START RECORDS SHOWN

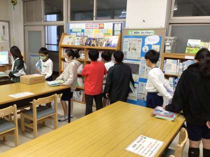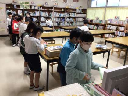 図書室に入る4年生を見掛けましたので様子を見ていると、図書室のパソコンを使って返却作業を始めました。何をしているのか尋ねると、くすのき学習で利用した川や水、水棲生物に関する本を返却しているところだと教えてくれました。本のラベルを見て、返却する棚に向かい、テキパキと図書を整える姿は、高学年の落ち着きを感じます。
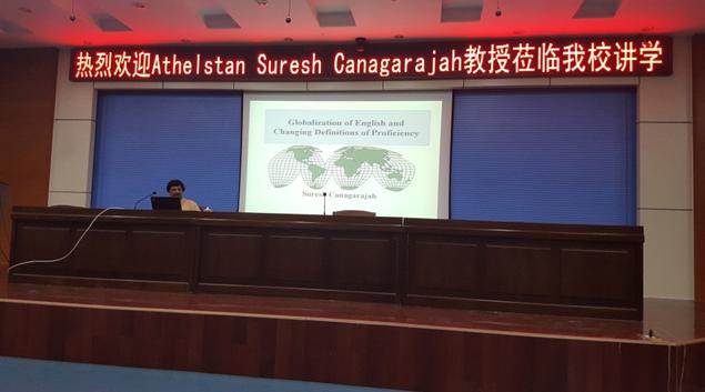 在“Globalization of English and Changing Definitions ofProficiency”报告中,Canagarajah教授根据自己最新的研究,讨论了全球化形势下英语的发展变化。他指出,由于世界经济、文化力量格局的改变,曾经属于英语接受国家变成了“英语输出国家”,那些曾经的“大国”的英语和其他国家的英语正在一同经历着改变。在“MultimodalResources of Multilingual Professionals in STEM Writing: An Activity-basedOrientation”报告中,Canagarajah教授介绍了他所做的关于英语能力与科研能力的访谈研究,认为传统意义上的英语教学以个人为单位,然而实践表明,以团队为单位的英语能力在当前的社会环境中作用突出,在英语学习中有必要培养团队思维。
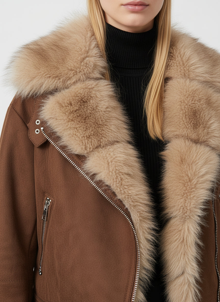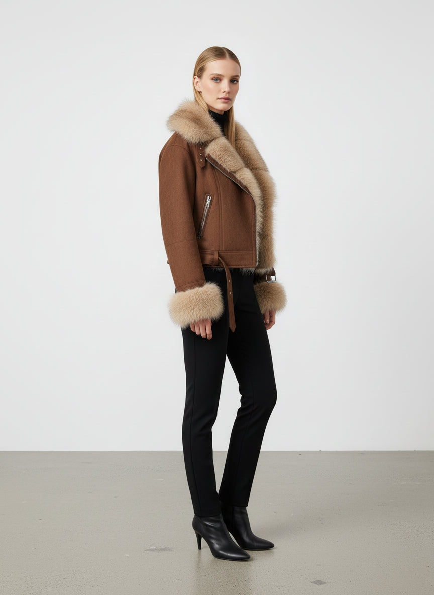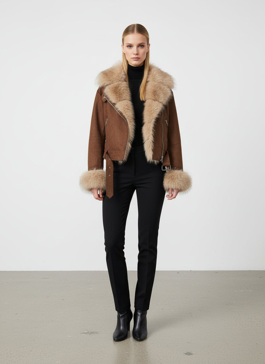 La giacca con pelliccia sintetica è un must-have per il tuo guardaroba invernale. Con il suo design elegante e la morbidezza dei materiali, questa giacca è perfetta per chi cerca un equilibrio tra comfort e stile. La pelliccia di alta qualità avvolge delicatamente il corpo, mentre il colletto ampio e i polsini in pelliccia aggiungono un tocco di lusso. La chiusura con zip e le tasche laterali offrono praticità senza compromettere l'estetica.
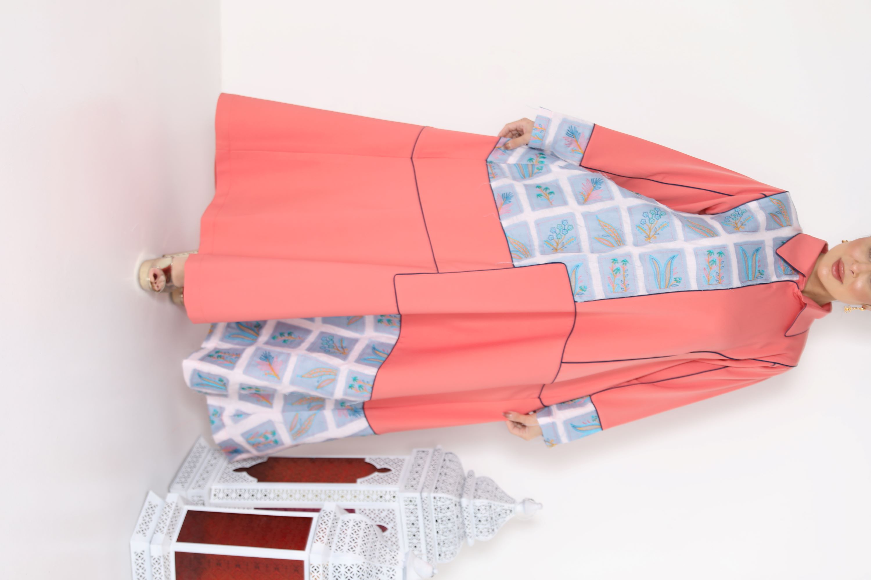 D2 دراعه خام قماش مطرز هندي مع خام قماش لنن
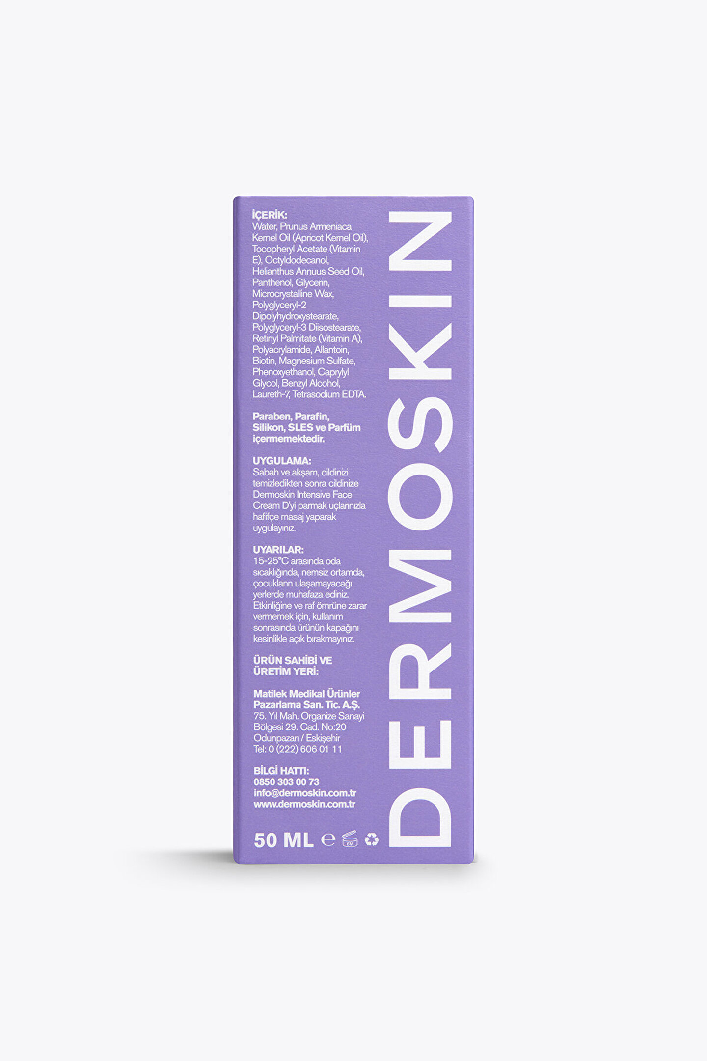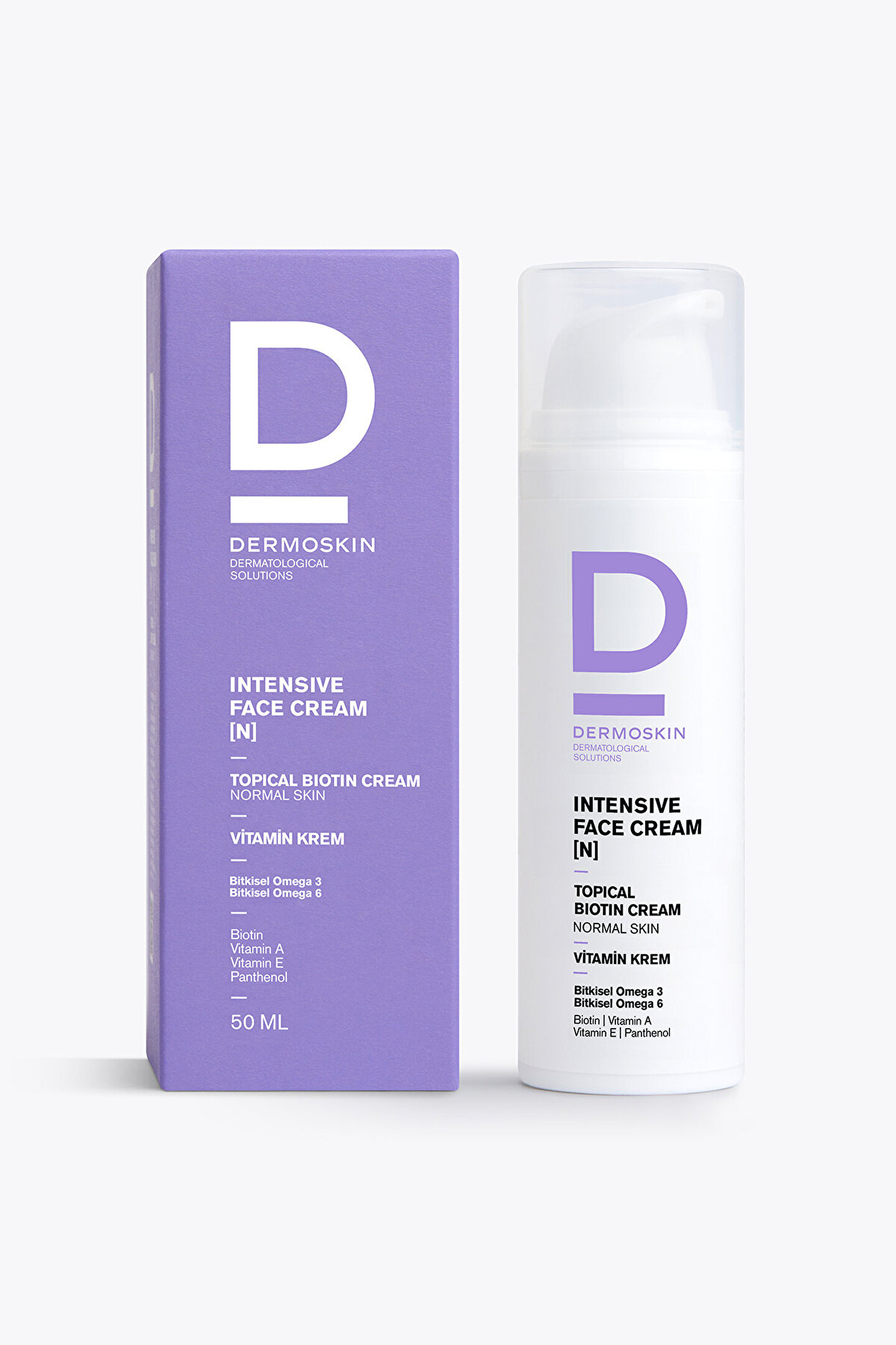 Dermoskin Dermoksin Topicalbiotin N Normal Ciltler için Bakım Kremi 50ml Dermoksin Topicalbiotin N Normal Ciltler için Bakım Kremi 50 ml Dermoskin Topicalbiotin N, normal ciltler için Vitamin destekli yoğun bakım kremidir.; İçeriğindeki vitaminler ve diğer etken maddeler ile UV ışınlarının ve diğer dış etkenlerin sebep olduğu erken yaşlanma ve doğal yaşlanma sürecini geciktirmek amaçlı formüle edilmiştir.; İçeriğindeki etken maddeler optimal oranlarda kullanılmıştır.; Formülasyonunda bulunan özel taşıyıcılar yardımıyla cilt üzerinde bariyer oluşturarak nem kaybını önler.; Cildin kırışık derinliğinin azalması, elastikiyetinin artması için onarıcı bakım yapar.; ETKEN MADDELER %5 Vitamin E (Tocopherol Acetate) : Serbest radikallere karşı güçlü bir antioksidandır.; Cildi UV ışınlarının zararlarından korumaya, leke ve kırışıklık oluşumunu engellemeye yardımcı olur.; Hasar görmüş cilde besleyici ve yatıştırıcı etkisi vardır.; % 0.1Biotin: Çok sayıda metabolik reaksiyonların içinde yer alan ve temel besleyici vitaminlerden olan biotin, cildin beslenmesine, eritem oluşumunun önlenmesine, deride hiperkeratinizasyonun azalmasına cildin soluk, kuru ve pul pul görünümünün engellenmesine yardımcı olur.; %0.3 Vitamin A (Retinil Palmitate): Kolajen sentezinin artmasına, kırışık derinliğinin azalmasına, epidermisin kalınlaşmasına, cildin elastikiyetinin artmasına ve UV-hasarlı derinin rejenerasyonuna yardımcı olur.; Esansiyel Yağ Asitleri ( Apricot Kernel Oil, Helianthus Seed ): Esansiyel yağ asitler, keratinozomların lipit sentezi ve fonksiyonu için gereklidir.; Hücre çeperlerinin fonksiyonunun korunmasına, özellikle yaşlanmış ciltlerde su kaybının önlenmesine kuru ve pul pul görünümlü cildin nem kapasitesinin artmasına yardımcı olur.; Topicalbiotin-N Krem (O/W) su içinde yağ emülsiyon tipinde, özel taşıyıcılar yardımıyla normal ciltler için formüle edilmiştir.; CİLT TİPİ Normal ciltlerin kullanımına uygundur.; UYGULAMA Sabah ve akşam, cildinizi temizledikten sonra Dermoskin Topicalbiotin N kremini parmak uçlarınızla hafifçe masaj yaparak tüm cilde uygulayınız.; UYARILAR Haricen kullanılır.; 15-25°C arasında oda sıcaklığında, nemsiz ortamda, çocukların ulaşamayacakları yerde ve kapağı kapalı olarak muhafaza ediniz.; Gözünüze temas etmesi halinde bol su ile durulayınız.

END RECORDS SHOWN

▶ **PROBLEM STATEMENT**
Print the material in full and exactly; the pictures must not be printed.

▶ **WRITTEN REPLY**
 図書室に入る4年生を見掛けましたので様子を見ていると、図書室のパソコンを使って返却作業を始めました。何をしているのか尋ねると、くすのき学習で利用した川や水、水棲生物に関する本を返却しているところだと教えてくれました。本のラベルを見て、返却する棚に向かい、テキパキと図書を整える姿は、高学年の落ち着きを感じます。
 在“Globalization of English and Changing Definitions ofProficiency”报告中,Canagarajah教授根据自己最新的研究,讨论了全球化形势下英语的发展变化。他指出,由于世界经济、文化力量格局的改变,曾经属于英语接受国家变成了“英语输出国家”,那些曾经的“大国”的英语和其他国家的英语正在一同经历着改变。在“MultimodalResources of Multilingual Professionals in STEM Writing: An Activity-basedOrientation”报告中,Canagarajah教授介绍了他所做的关于英语能力与科研能力的访谈研究,认为传统意义上的英语教学以个人为单位,然而实践表明,以团队为单位的英语能力在当前的社会环境中作用突出,在英语学习中有必要培养团队思维。
 La giacca con pelliccia sintetica è un must-have per il tuo guardaroba invernale. Con il suo design elegante e la morbidezza dei materiali, questa giacca è perfetta per chi cerca un equilibrio tra comfort e stile. La pelliccia di alta qualità avvolge delicatamente il corpo, mentre il colletto ampio e i polsini in pelliccia aggiungono un tocco di lusso. La chiusura con zip e le tasche laterali offrono praticità senza compromettere l'estetica.
 D2 دراعه خام قماش مطرز هندي مع خام قماش لنن
 Dermoskin Dermoksin Topicalbiotin N Normal Ciltler için Bakım Kremi 50ml Dermoksin Topicalbiotin N Normal Ciltler için Bakım Kremi 50 ml Dermoskin Topicalbiotin N, normal ciltler için Vitamin destekli yoğun bakım kremidir.; İçeriğindeki vitaminler ve diğer etken maddeler ile UV ışınlarının ve diğer dış etkenlerin sebep olduğu erken yaşlanma ve doğal yaşlanma sürecini geciktirmek amaçlı formüle edilmiştir.; İçeriğindeki etken maddeler optimal oranlarda kullanılmıştır.; Formülasyonunda bulunan özel taşıyıcılar yardımıyla cilt üzerinde bariyer oluşturarak nem kaybını önler.; Cildin kırışık derinliğinin azalması, elastikiyetinin artması için onarıcı bakım yapar.; ETKEN MADDELER %5 Vitamin E (Tocopherol Acetate) : Serbest radikallere karşı güçlü bir antioksidandır.; Cildi UV ışınlarının zararlarından korumaya, leke ve kırışıklık oluşumunu engellemeye yardımcı olur.; Hasar görmüş cilde besleyici ve yatıştırıcı etkisi vardır.; % 0.1Biotin: Çok sayıda metabolik reaksiyonların içinde yer alan ve temel besleyici vitaminlerden olan biotin, cildin beslenmesine, eritem oluşumunun önlenmesine, deride hiperkeratinizasyonun azalmasına cildin soluk, kuru ve pul pul görünümünün engellenmesine yardımcı olur.; %0.3 Vitamin A (Retinil Palmitate): Kolajen sentezinin artmasına, kırışık derinliğinin azalmasına, epidermisin kalınlaşmasına, cildin elastikiyetinin artmasına ve UV-hasarlı derinin rejenerasyonuna yardımcı olur.; Esansiyel Yağ Asitleri ( Apricot Kernel Oil, Helianthus Seed ): Esansiyel yağ asitler, keratinozomların lipit sentezi ve fonksiyonu için gereklidir.; Hücre çeperlerinin fonksiyonunun korunmasına, özellikle yaşlanmış ciltlerde su kaybının önlenmesine kuru ve pul pul görünümlü cildin nem kapasitesinin artmasına yardımcı olur.; Topicalbiotin-N Krem (O/W) su içinde yağ emülsiyon tipinde, özel taşıyıcılar yardımıyla normal ciltler için formüle edilmiştir.; CİLT TİPİ Normal ciltlerin kullanımına uygundur.; UYGULAMA Sabah ve akşam, cildinizi temizledikten sonra Dermoskin Topicalbiotin N kremini parmak uçlarınızla hafifçe masaj yaparak tüm cilde uygulayınız.; UYARILAR Haricen kullanılır.; 15-25°C arasında oda sıcaklığında, nemsiz ortamda, çocukların ulaşamayacakları yerde ve kapağı kapalı olarak muhafaza ediniz.; Gözünüze temas etmesi halinde bol su ile durulayınız.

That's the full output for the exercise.